Saved data entries:
****************************************
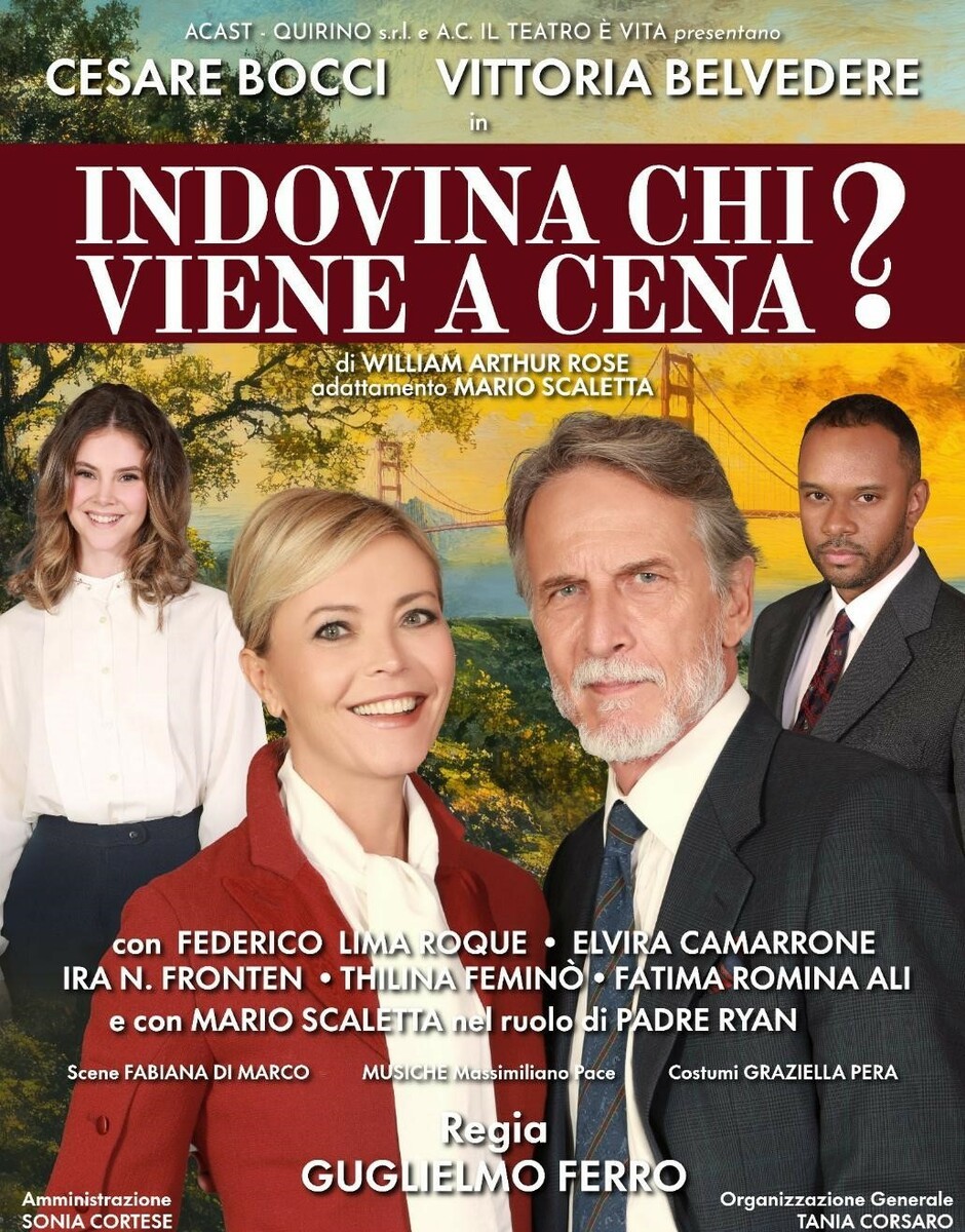 Guglielmo Ferro riporta in scena la stupenda commedia che fu interpretata (al cinema) dai due mostri sacri Katharine Hepburn e Spencer Tracy. Il tema, quello di un matrimonio misto, allora fece scalpore nell’America di fine anni ’60, ma oggi è più che mai di attualità in una società sempre più multietnica. Il soggetto di William Arthur Rose ha quasi mezzo secolo, ma anche grazie all’adattamento di Mario Scaletta si presenta come un testo fresco e attualissimo. “Quando mi hanno proposto questo lavoro ne sono subito stato entusiasta – ha detto Guglielmo Ferro. Si tratta di un testo brillante, che però trasmette un messaggio a forte connotazione sociale. L’adattamento di Scaletta ha inoltre sfrondato tutta una parte strettamente legata agli anni ’60, per farne un testo estremamente attuale, anche nel linguaggio più crudo e diretto. Si parla dunque di differenze e di comprensione, termine, quest’ultimo, che preferiamo a quello più restrittivo di tolleranza”.
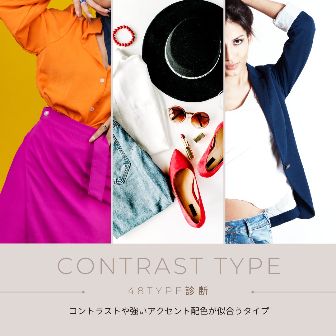 ファッションの配色パターンを[ワントーン配色][コントラスト配色][リズム&ミディアム配色]の3つのパターンに分け、自分の魅力を最も引き出す色と、ファッションコーディネートに役立つ配色をパーソナル診断できる、
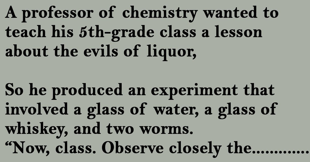 A professor of chemistry wanted to teach his 5th-grade class a lesson about the evils of liquor,
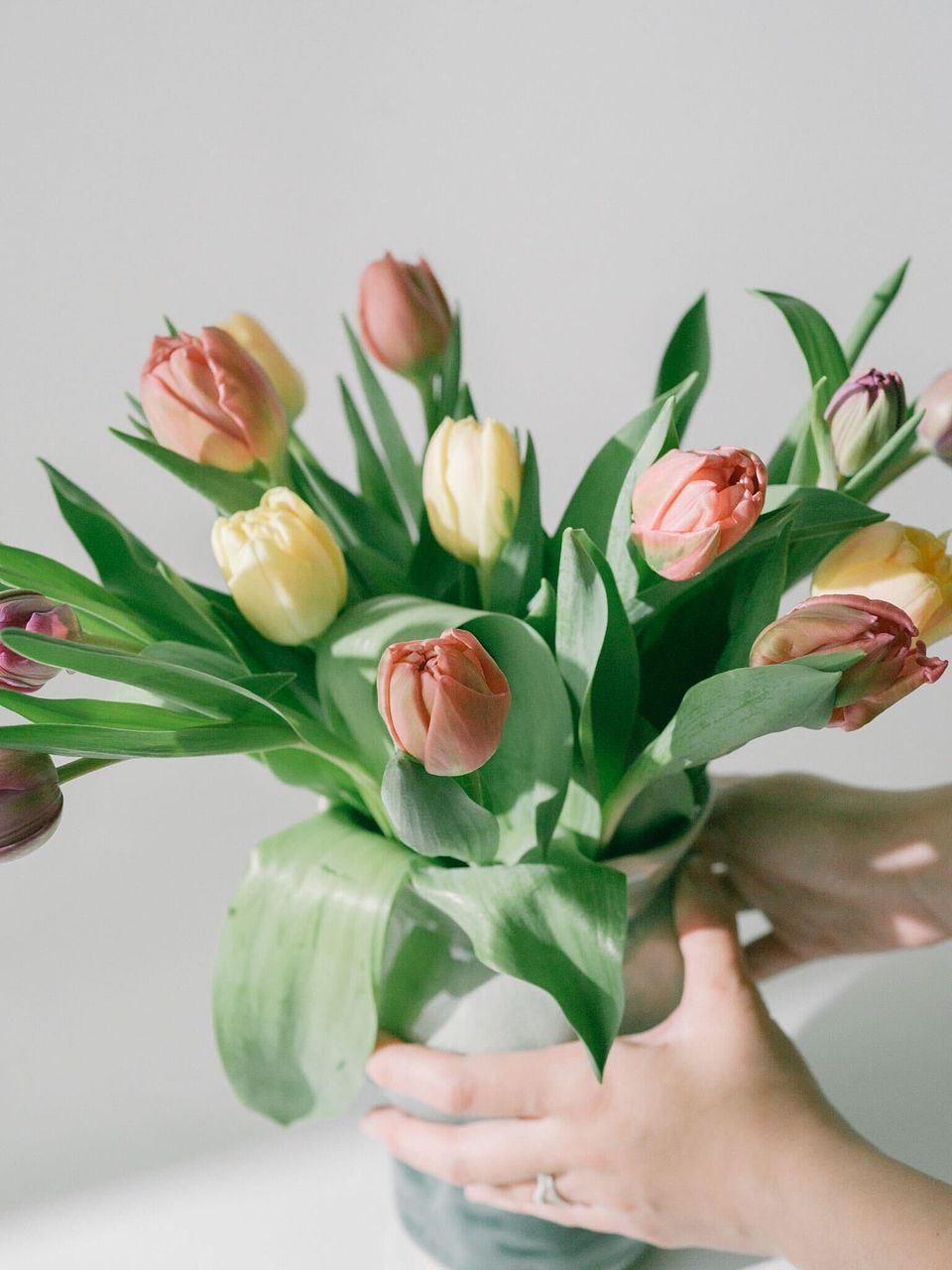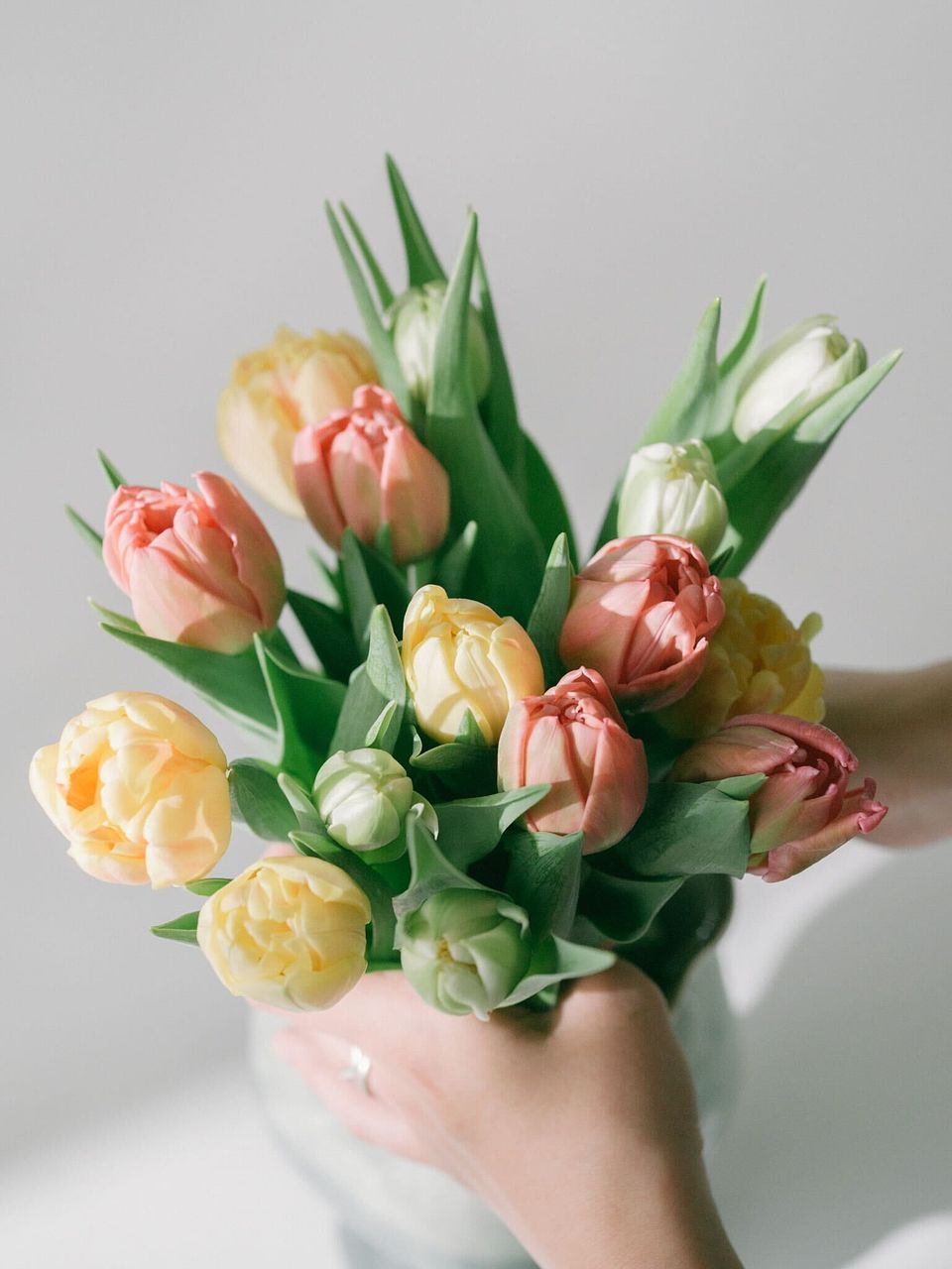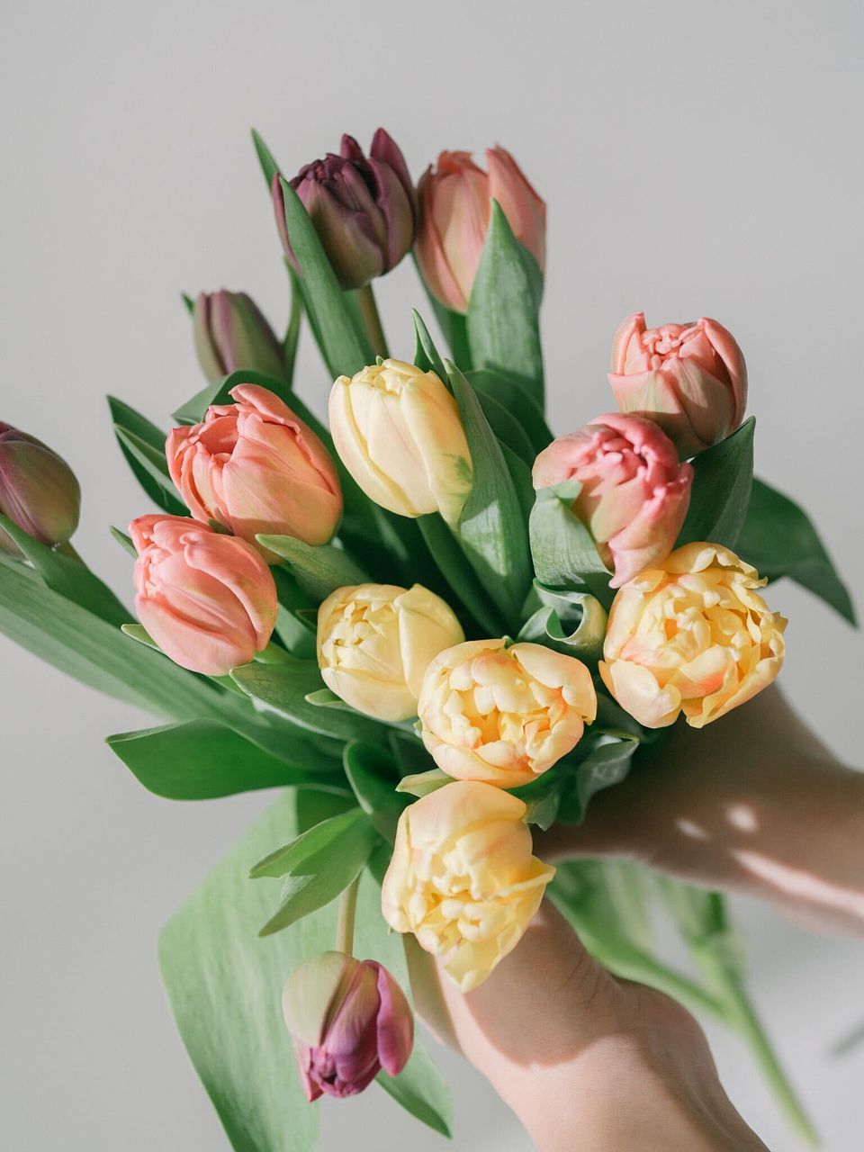 今回は3品種ミックスでお届けします。どんなチューリップが届くかは、箱を開けるまでのお楽しみ。長く楽しめるよう、硬いつぼみの状態でお届けしていることも。水揚げするとふっくら色づきますのでご安心ください。
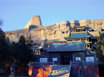 遼金:遼興宗、道宗時期,遼皇室曾對武州山石窟寺進行過延續(xù)十年之久的大規(guī)模修整。修建了石窟前接木構(gòu)窟檐的通樂、靈巖、鯨崇、鎮(zhèn)國、護國、天宮、崇福、童子、華嚴、兜率十座大寺,并對一千余尊佛像進行了整修。遼保大二年(1122年)金兵攻占大同,"寺遭焚劫,靈巖棟宇,掃地?zé)o遺"(《大金西京重修華嚴寺碑》)。金皇統(tǒng)三年至六年(1143-1146年),住持法師稟慧重修"靈巖大閣"(今第三窟外的閣樓),"自是,山門氣象,翕然復(fù)完矣。"(《金碑》)。
****************************************
## About this task
Reproduce the lines from the one holding "ファッションの配色パターンを" through the end of the entries above exactly, keeping both ends and dropping every picture.

## Exercise output
 ファッションの配色パターンを[ワントーン配色][コントラスト配色][リズム&ミディアム配色]の3つのパターンに分け、自分の魅力を最も引き出す色と、ファッションコーディネートに役立つ配色をパーソナル診断できる、
 A professor of chemistry wanted to teach his 5th-grade class a lesson about the evils of liquor,
 今回は3品種ミックスでお届けします。どんなチューリップが届くかは、箱を開けるまでのお楽しみ。長く楽しめるよう、硬いつぼみの状態でお届けしていることも。水揚げするとふっくら色づきますのでご安心ください。
 遼金:遼興宗、道宗時期,遼皇室曾對武州山石窟寺進行過延續(xù)十年之久的大規(guī)模修整。修建了石窟前接木構(gòu)窟檐的通樂、靈巖、鯨崇、鎮(zhèn)國、護國、天宮、崇福、童子、華嚴、兜率十座大寺,并對一千余尊佛像進行了整修。遼保大二年(1122年)金兵攻占大同,"寺遭焚劫,靈巖棟宇,掃地?zé)o遺"(《大金西京重修華嚴寺碑》)。金皇統(tǒng)三年至六年(1143-1146年),住持法師稟慧重修"靈巖大閣"(今第三窟外的閣樓),"自是,山門氣象,翕然復(fù)完矣。"(《金碑》)。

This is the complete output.